Gillett started hosting Honky Tonk, a Sunday morning show on BBC Radio London in 1972. This was handy, as I could now actually hear the music he had written so knowledgeably about without taking expensive punts on dubious compilation albums at Andy’s record stall in Cambridge Market, or at One-Stop records in Soho. (He was playing featuring new artists in amongst the oldies - he would be the first DJ to play demos by Elvis Costello, Graham Parker and Dire Straits.)

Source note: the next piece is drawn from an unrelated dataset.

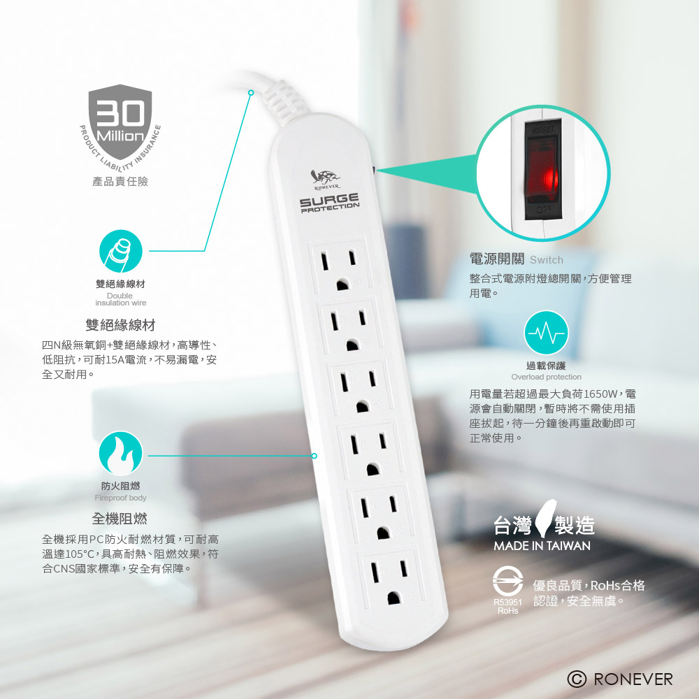 • 全機採用PC防火耐燃材質,可耐高溫達105度C,具高耐熱、阻燃效果,符合CNS國家標準,安全有保障。 • 國家級2.0mm 雙層絕緣電線,線材使用99.99% 4N級高純度無氧銅材質,可耐15A電流,不易漏電,安全又耐用。 • 用電量若超過最大負荷1650W,過載電源開關會自動關閉,請暫時將不需使用之插座拔起,等一分鐘後再將開關切至“RESET ”即可正常使用。 • 集中迴路開關加紅燈,不需使用時請關閉電源,節約不必要的待機電力,節能省電更安全。 型號:ZPR-010 保固:非人為因素損壞,保固、保修半年。 認證編號:C106-4 適用電壓:AC 110V 60Hz 額定電壓:AC 125V 60Hz 額定容量:1650W MAX 最高負載:15A 適用環境:溫度 0°~105° 主要成分:銅、防火PC塑膠 輸出規格:1開關6插座3P插頭

The other thing I’ll always remember Gillett for is forming a record label, Oval, and releasing the sublime compilation of Cajun music, Another Saturday Night, in 1974. Apart from great stuff by artists such as Belton Richard (“Une Autre Soir d’Ennui”) and Tommy McLain (“Before I Grow Too Old”), this contained one of my favourite tracks of all time, Johnnie Allen’s belting version of Chuck Berry’s“Promised Land”. I’m not sure I’d heard any genuine Cajun or Zydeco music before.
Not content with introducing Cajun music to the UK, Gillett moved to Capital Radio, where he is credited with practically starting the World Music movement , and eventually returned to Radio London.
RIP, Charlie Gillett - and thank you.